Background: Although the application of low-energy
extracorporeal shock waves to treat musculoskeletal disorders is
controversial, there has been some limited, short-term evidence
of its effectiveness for the treatment of chronic plantar fasciitis.
Methods: From 1993 to 1995, a prospective, two-tailed,
randomized, controlled, observer-blinded pilot trial was performed
to assess whether three applications of 1000 impulses of low-energy
shock waves (Group I) led to a superior clinical outcome when compared
with three applications of ten impulses of low-energy shock waves
(Group II) in patients with intractable plantar heel pain. The sample
size was 112. The main outcome measure was patient satisfaction
according to a four-step score (excellent, good, acceptable, and
poor) at six months. Secondary outcome measures were patient satisfaction
according to the four-step score at five years and the severity
of pain on manual pressure, at night, and at rest as well as the
ability to walk without pain at six months and five years.
Results: At six months, the rate of good and excellent
outcomes according to the four-step score was significantly (47%)
better (p < 0.0001) in Group I than in Group II. As assessed
on a visual analog scale, the score for pain caused by manual pressure
at six months had decreased to 19 points, from 77 points before
treatment, in Group I, whereas in Group II the ratings before treatment
and at six months were 79 and 77 points (p < 0.0001 for
the difference between groups). In Group I, twenty-five of forty-nine
patients were able to walk completely without pain at six months
compared with zero of forty-eight patients in Group II (p < 0.0001).
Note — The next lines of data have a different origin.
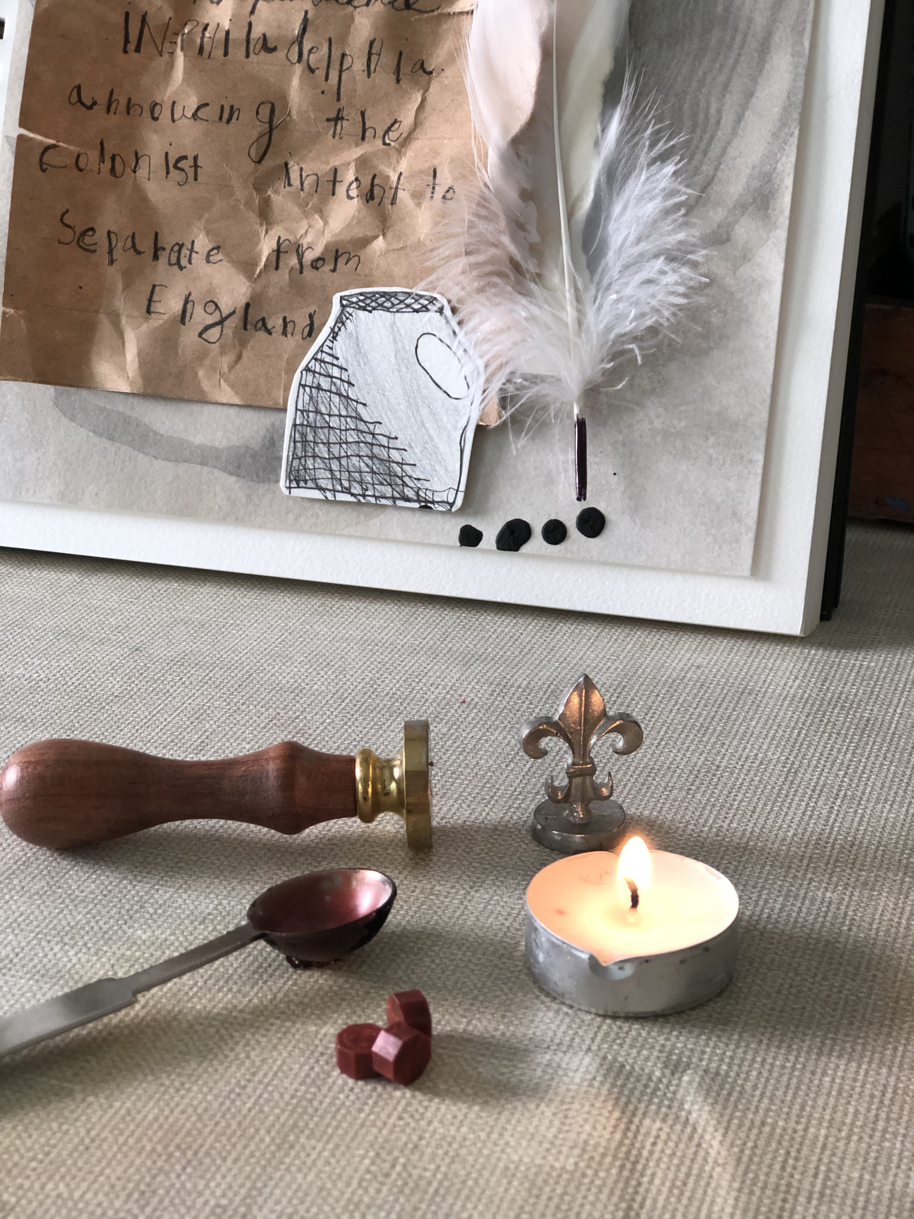 - items to create a wax seal: wax pieces, measuring spoon, tea candle + seal
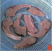 将鱼身平放在案板上,顺着鱼的脊梁骨平劈开;将带脊梁骨的一半鱼身,切成约1厘米厚的鱼块,放入篮子里晾干表面水分;
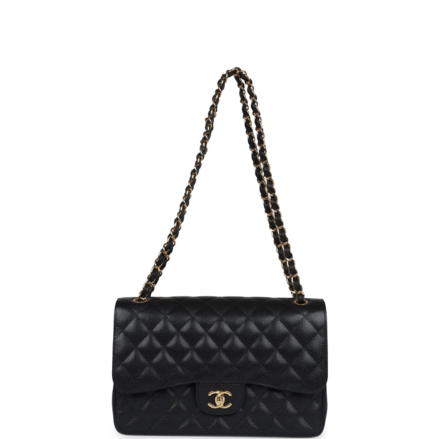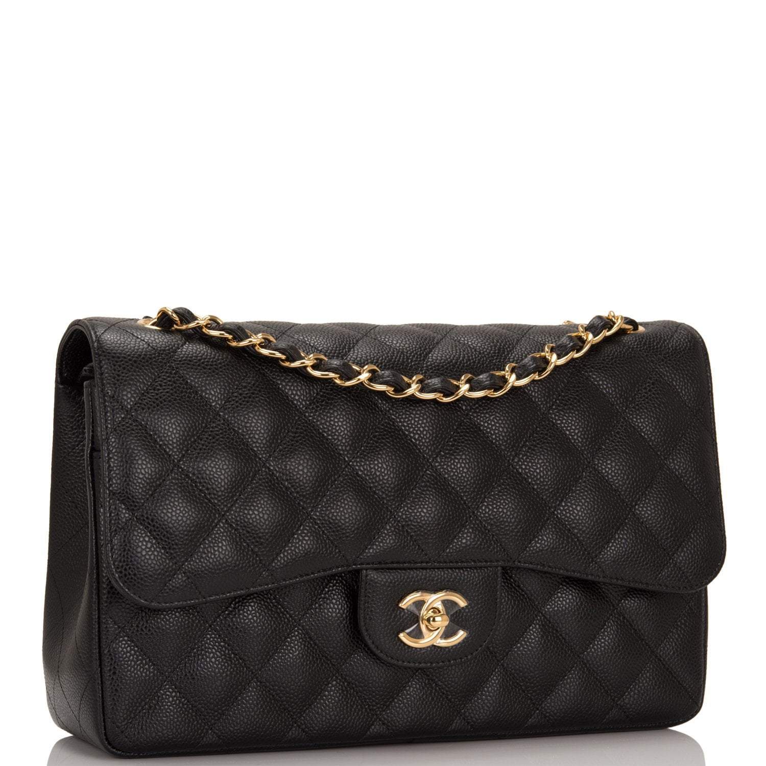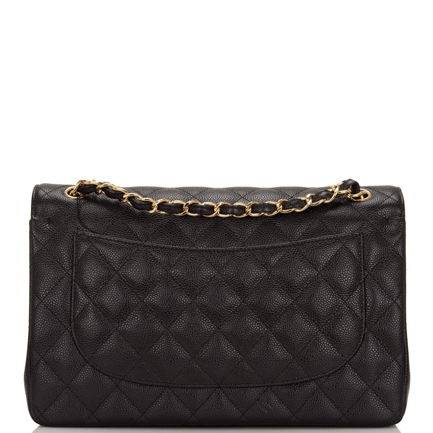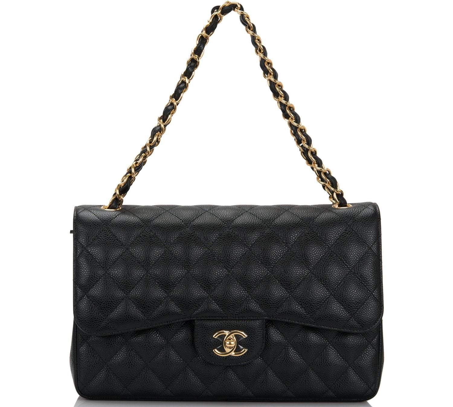 Regular price $1,430.00 Sale price $459.99 Save $970.01This Jumbo Classic Double Flap bag is in black caviar leather with gold tone hardware and features a front flap with signature CC turnlock closure, half moon back pocket, and adjustable interwoven gold tone chain link and black leather shoulder strap.
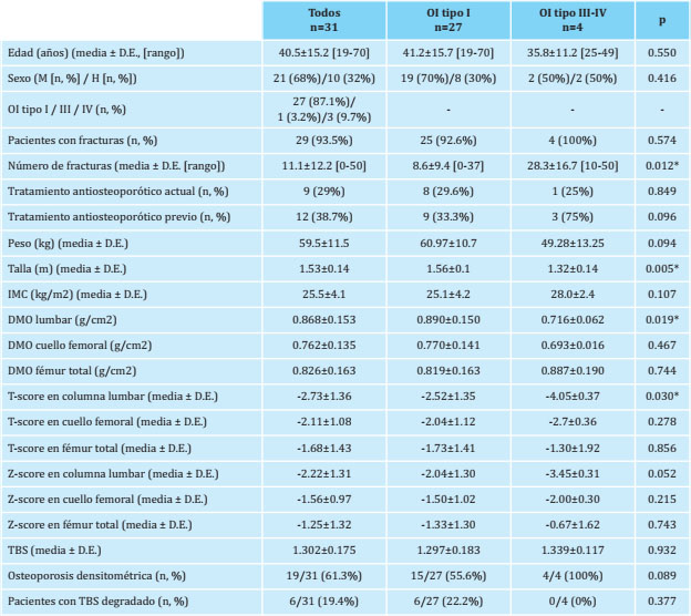 Material y métodos: Estudio transversal realizado en 31 pacientes adultos con OI (edad 40.5±15.2 años, 68% mujeres, 87% tipo I). Se analizaron las características clínicas de los pacientes (fracturas, tipo de OI, IMC y tratamiento), la densidad mineral ósea (DMO) (mediante DXA), valorando la presencia de osteoporosis densitométrica, y los valores de TBS (TBS iNsight), estimando la presencia de microarquitectura degradada (valores <1.230). Los resultados se compararon entre los diferentes tipos de OI (I y III-IV) y con los de un grupo control de sujetos sanos.
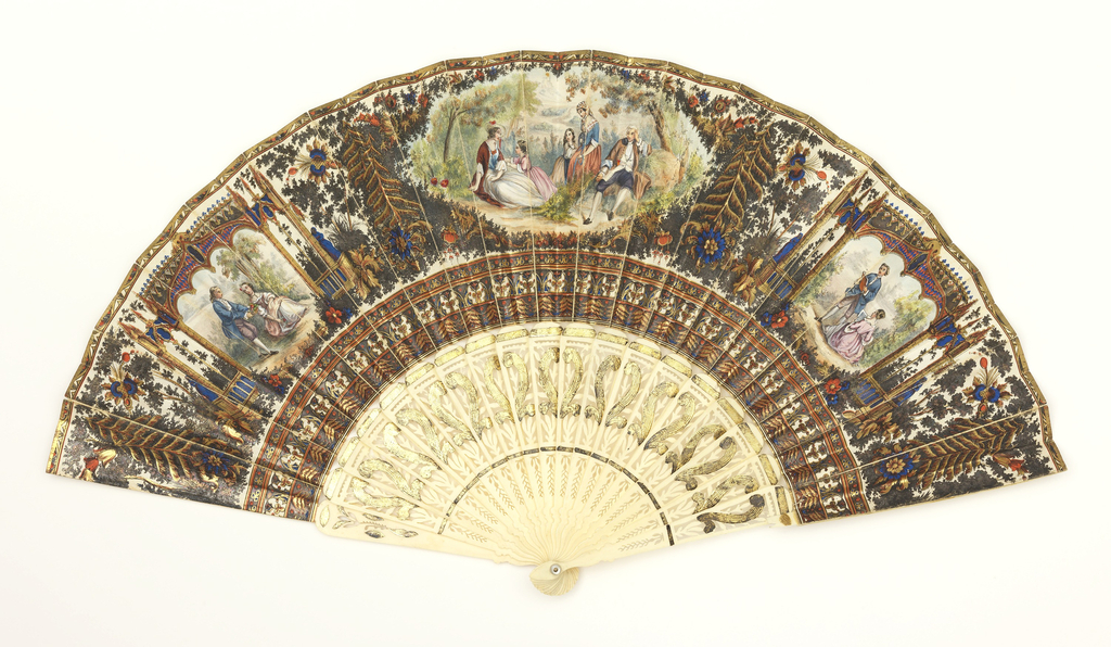 This is a Pleated fan. It is dated 1840–1860 and we acquired it in 1916. Its medium is paper leaf with gilded chromolithograph; carved and pierced bone sticks. It is a part of the Textiles department.
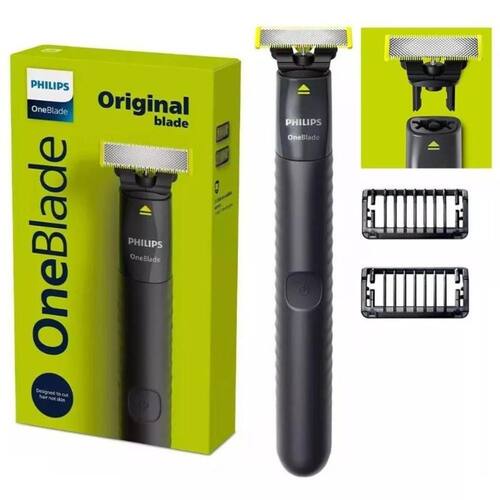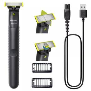 Novo aparador de pelos philips oneblade qp1424/10 cor cinza-cinza e verde-limão bivolt 110/220v - aparador e raspador philips oneblade qp1424/10 com 2 pentes, à prova dágua - bivolt
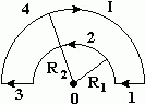 По плоскому контуру из тонкого провода течет ток силой I = 10,0 А. Радиусы полуокружностей равны R1 = 0,10 м и R2 = 0,20 м (см. рисунок). Определите в точке O индукции магнитного поля В1, В2, В3, В4 и В, создаваемые участками 1, 2, 3, 4 и всем контуром.
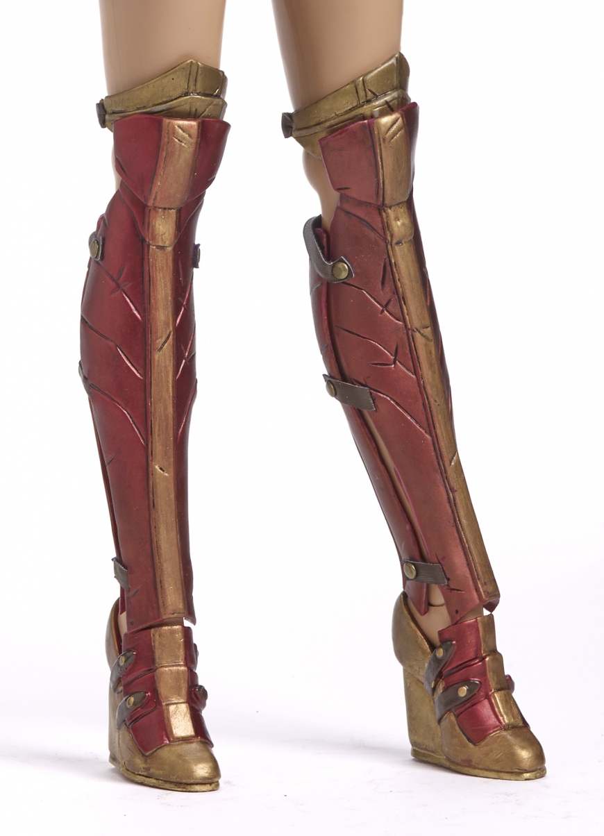 Tonner Doll Company in conjunction with DC is proud to introduce Wonder Woman! The warrior Princess from Themyscira takes form as a 16” character figure of expertly engineered injected plastic and vinyl. The totally new body has 15 points of articulation and Gal Gadot’s likeness is captured in exquisite detail. The finest saran is used to create lifelike hair set off with an accurate, highly detailed crown. Battle armor is a must for Wonder Woman and the extreme detail of this set is made for a Goddess. Accurately sculpted depicting her movie costume, the WW armor consists of a molded breast plate with a genuine leather battle skirt; her armband and gauntlets are made of real metal. Wonder Woman carries her golden lasso in a genuine leather harness. Boots are made of detailed vinyl and resin. Figure comes with changeable open hands, fists and gripping hands. Here are pictures of the new Wonder Woman doll:
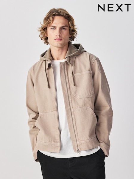 FatFace Washed Black Garment Dye Worker Cotton Jacket
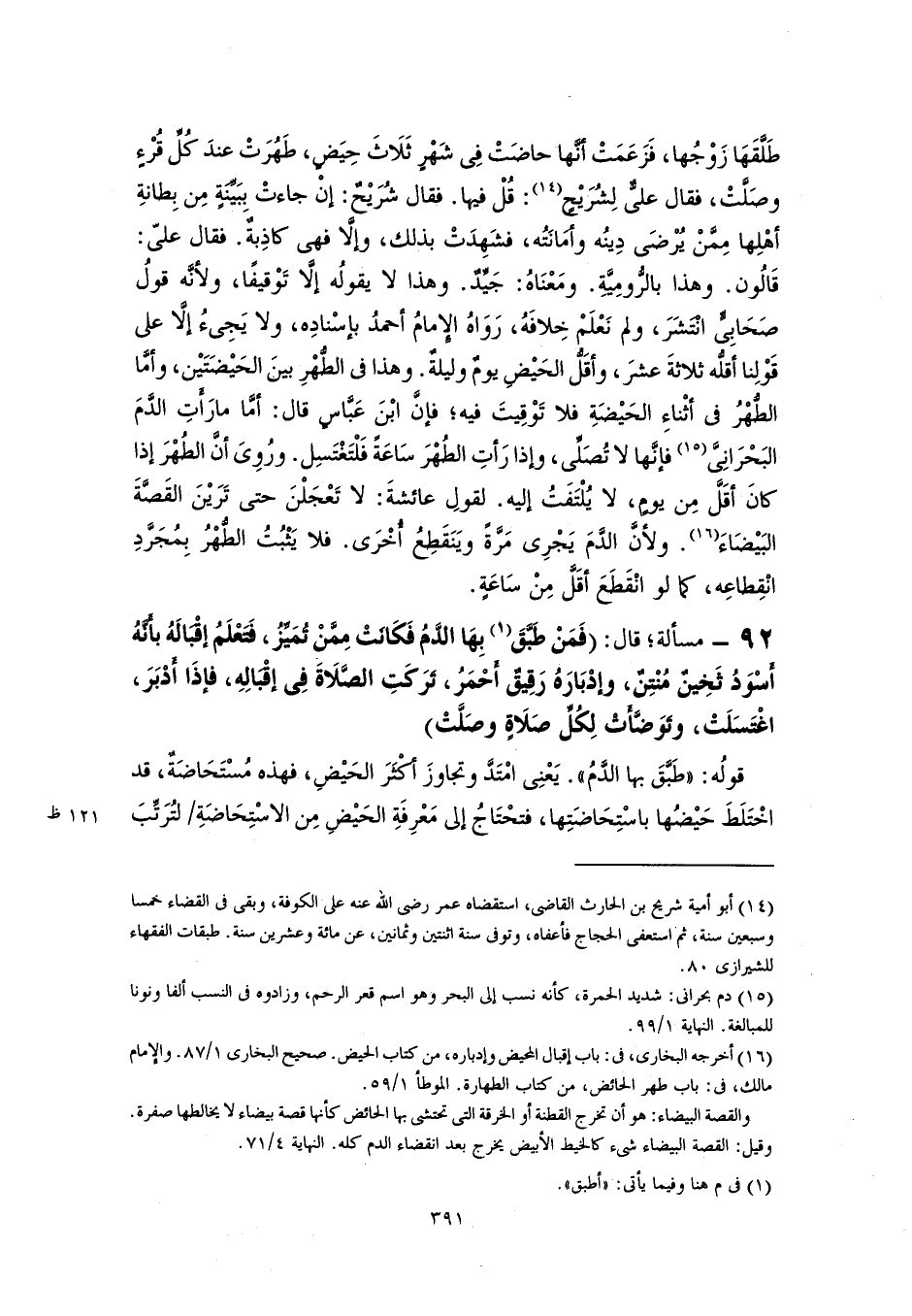(١٥) دم بحرانى: شديد الحمرة، كأنه نسب إلى البحر وهو اسم قعر الرحم، وزادوه في النسب ألفا ونونا للمبالغة. النهاية ١/ ٩٩.

By five years, the difference in the rates of good and excellent
outcomes according to the four-step score was only 11% in
favor of Group I (p = 0.071) because of a high rate of
good and excellent results from subsequent surgery in Group II;
the score for pain caused by manual pressure had decreased to 9
points in Group I and to 29 points in Group II (p = 0.0006
for the difference between groups). At five years, five (13%)
of thirty-eight patients in Group I had undergone an operation of
the heel compared with twenty-three (58%) of forty patients
in Group II (p < 0.0001).
Conclusions: Three treatments with 1000 impulses
of low-energy shock waves appear to be an effective therapy for
plantar fasciitis and may help the patient to avoid surgery for
recalcitrant heel pain. In contrast, three applications of ten impulses
did not improve symptoms substantially.